第16回:レビー小体型認知症の“排泄の不安”への対処法

介護の実践ノウハウ

■ 導入
レビー小体型認知症では、
排泄の不安 が非常に多く見られます。

● トイレに行きたがらない
● トイレの場所がわからない
● トイレが怖い
● 便意・尿意がわからない
● 間に合わない
● 失敗を恥ずかしがる
● 排泄を拒否する

これらは、
本人の尊厳にも深く関わるため、
家族にとっても非常にデリケートで難しいテーマです。

しかし、
排泄の不安には “家族ができるケア” が存在します。

私は102歳の母の介護で、
排泄の不安をやわらげる方法を
何度も試し、効果を確認しました。

今回はそのすべてをまとめます。


■ ① 排泄の不安は「脳の誤作動」

まず知ってほしいこと。

排泄の不安は、本人の意思ではありません。

レビー小体型認知症では、
脳の誤作動によって
● 便意・尿意がわからない
● トイレの場所がわからない
● トイレが怖く感じる
● 失敗を強く恥じる

といった症状が出ます。

だから、
本人を責めない。
自分を責めない。

ここが出発点です。


■ ② トイレの“場所の不安”をなくす

レビーでは、
トイレの場所がわからなくなることがあります。

● ドアに大きな表示
● 明るい照明
● 通路に障害物を置かない
● 夜は弱い光をつける

これだけで、
トイレへの不安が大きく減ります。


■ ③ トイレの“怖さ”をやわらげる

レビーでは、
トイレの影や音が怖く感じられることがあります。

● 明るい照明
● 影を作らない
● 扉を少し開けておく
● 家族がそばにいる

母は、
私がそばにいるだけで
安心してトイレに入れました。


■ ④ “声かけ”が排泄を助ける

排泄の不安には、
声かけが非常に効果的です。

● 「ゆっくりでいいよ」
● 「大丈夫だよ」
● 「私はここにいるよ」

この3つは、
排泄の不安をやわらげる
最強の安心ワード です。


■ ⑤ “時間の見通し”を伝える

レビーでは、
「何をするのか」がわからないと不安になります。

だから私は、
母にこう伝えました。

● 「今からトイレに行こうね」
● 「ゆっくり座ろうね」
● 「終わったら戻ろうね」

“見通し”があると、
不安が大きく減ります。


■ ⑥ “失敗”は責めない

排泄の失敗は、
本人が最も傷つく瞬間です。

だから私は、
絶対に責めませんでした。

● 「大丈夫だよ」
● 「誰にでもあるよ」
● 「ゆっくりでいいよ」

この言葉だけで、
母の表情は救われました。


■ ⑦ “便意・尿意がわからない”ときの対処

レビーでは、
便意・尿意がわからなくなることがあります。

そのときは、
● 食後
● 起床後
● 就寝前
● 2〜3時間ごと

に“声かけ”をして誘導しました。

無理に連れていかなくていい。
“提案”で十分です。


■ ⑧ “拒否”が出たときの対処法

母がトイレを拒否したとき、
私はこうしました。

● 焦らせない
● 少し時間を置く
● 手を握る
● 安心の言葉を伝える
● 物語療法を使う

例:
「光の隊が、あなたを見守っているよ。

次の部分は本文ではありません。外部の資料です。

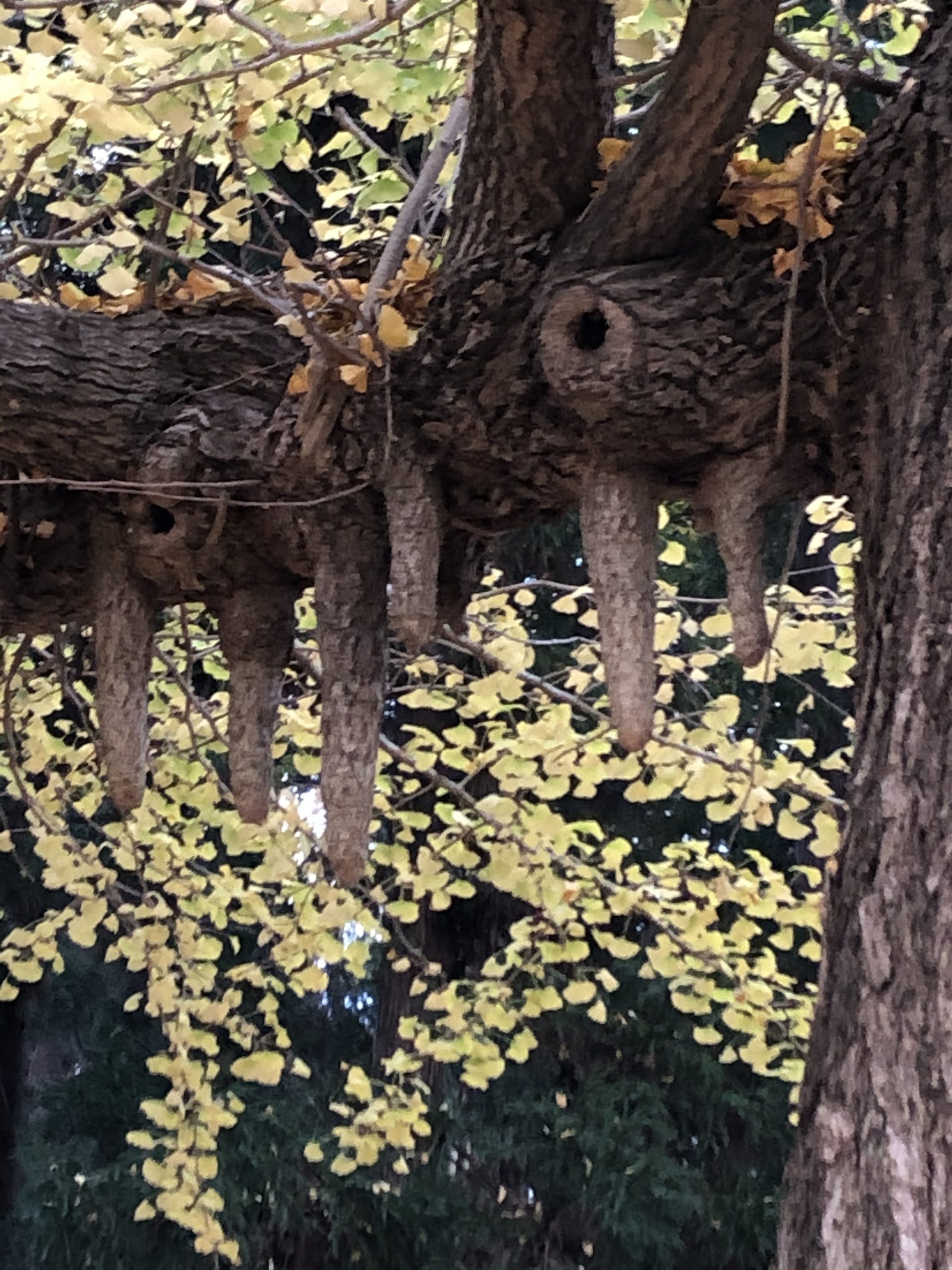 老齢な銀杏に時折みられるこの垂れ下がりは
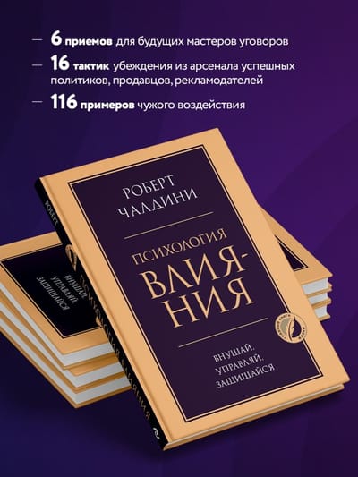 Р. Чалдини много лет изучал принципы успешных продаж. На основе своих исследований он написал руководство по мотивации, ставшее мировым бестселлером и настольной книгой амбициозных политиков, менеджеров, рекламодателей и всех желающих убеждать и добиваться своего.
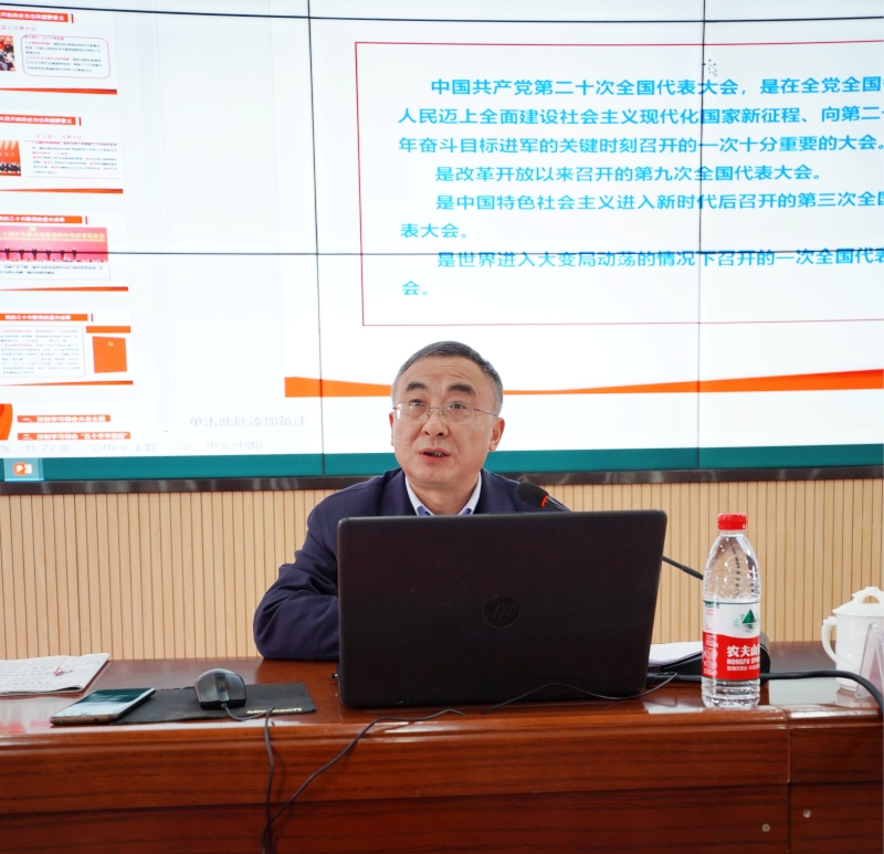 王先俊以《深入学习宣传贯彻党的二十大精神》为题,从深刻领会大会主题、深刻领会“五个牢牢把握”、兴起学习贯彻热潮三个方面,结合高等教育工作实际,对党的二十大精神进行全面宣讲和深入解读。他概述了党的二十大报告的基本框架和主要内容,阐释了党的二十大召开的历史方位和重要意义。
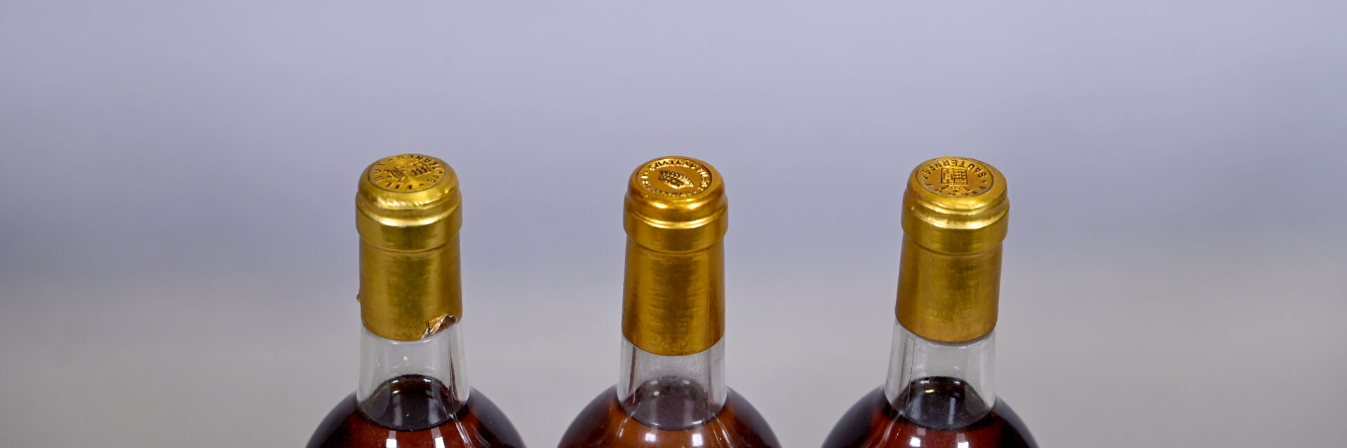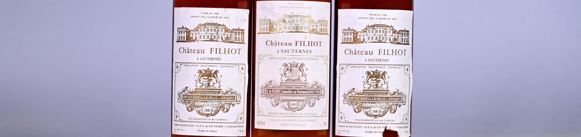 BORDEAUX – 3 bouteilles, Sauternes, Château Filhot, 2ème Grand Cru Classé, 1990 (2) et 1997 (1). 3 BG (-). Capsules légèrement sales dont une est légèrement incurvée et une autre est abimée en bas de jupe. Etiquettes légèrement sales dont une présente une déchirure et une autre deux légers accrocs.
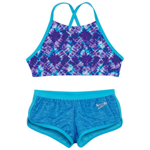 Fun in the sun awaits. She'll love swiming in this durable two-piece set, featuring a tie-dye crop top with a high neckline and crisscross straps that stay in place. A matching boyshort completes the sporty look.
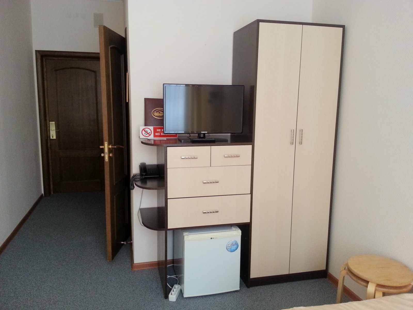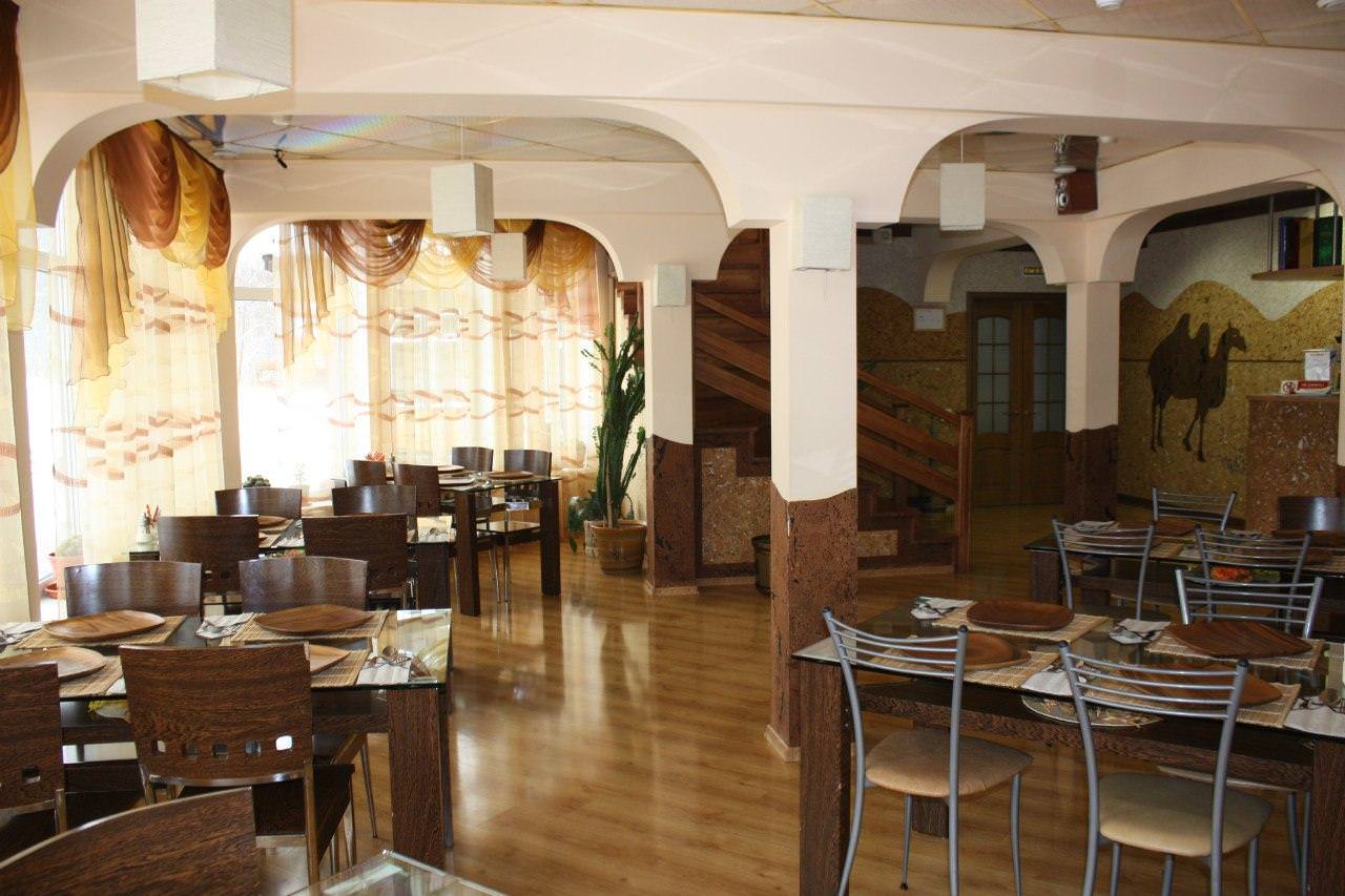 Гостиничный корпус располагается на трёх этажах: 1 этаж – просторный холл с уголком отдыха при Reception; аквариум; ресторан в арабском стиле на 48 человек; раздевалка и шкафчики для обуви при входе; зимний сад (бассейн с рыбами, искусственный "водопад", мягкий уголок); бамбуковая комната для отдыха; выход из жилой зоны в зону купания и отдыха (мягкий уголок, комната для курения со столом, втягивающим дым, раздевалки, душ); 14 стандартных 2-х местных номеров. 2 этаж – бар с видом на бассейн, выдержанный в русском стиле; 12 стандартных 2-х местных номеров; 2 стандартных улучшенных номера; 2 люкса; кафе на 48 человек, также выдержанное в русском стиле; бильярдная. 3 этаж (мансарда) – номера без удобств; комнаты для персонала; прачечная; подсобные помещения.

」
「心の庭に、優しい風が吹いているよ。」

心がゆるむと、
排泄もスムーズになります。


■ ⑨ 家族が無理をしない

排泄介助は、
家族の心にも身体にも負担がかかります。

だから、
無理に長時間向き合わなくていい。

● デイサービス
● ショートステイ
● 訪問介護
● 兄弟に頼む

家族が倒れないことが、
本人を守ることにつながります。


■ まとめ

排泄の不安は、
レビー小体型認知症の特徴です。

しかし、
次の方法で大きくやわらぎます。

  1. 排泄の不安は脳の誤作動
  2. トイレの場所をわかりやすく
  3. トイレの怖さを減らす
  4. 安心の声かけ
  5. 見通しを伝える
  6. 失敗は責めない
  7. 便意・尿意がわからない日は誘導
  8. 拒否には安心と言葉と物語
  9. 家族も無理をしない

次回は、
第17回:レビー小体型認知症の“入浴の不安”への対処法
をお届けします。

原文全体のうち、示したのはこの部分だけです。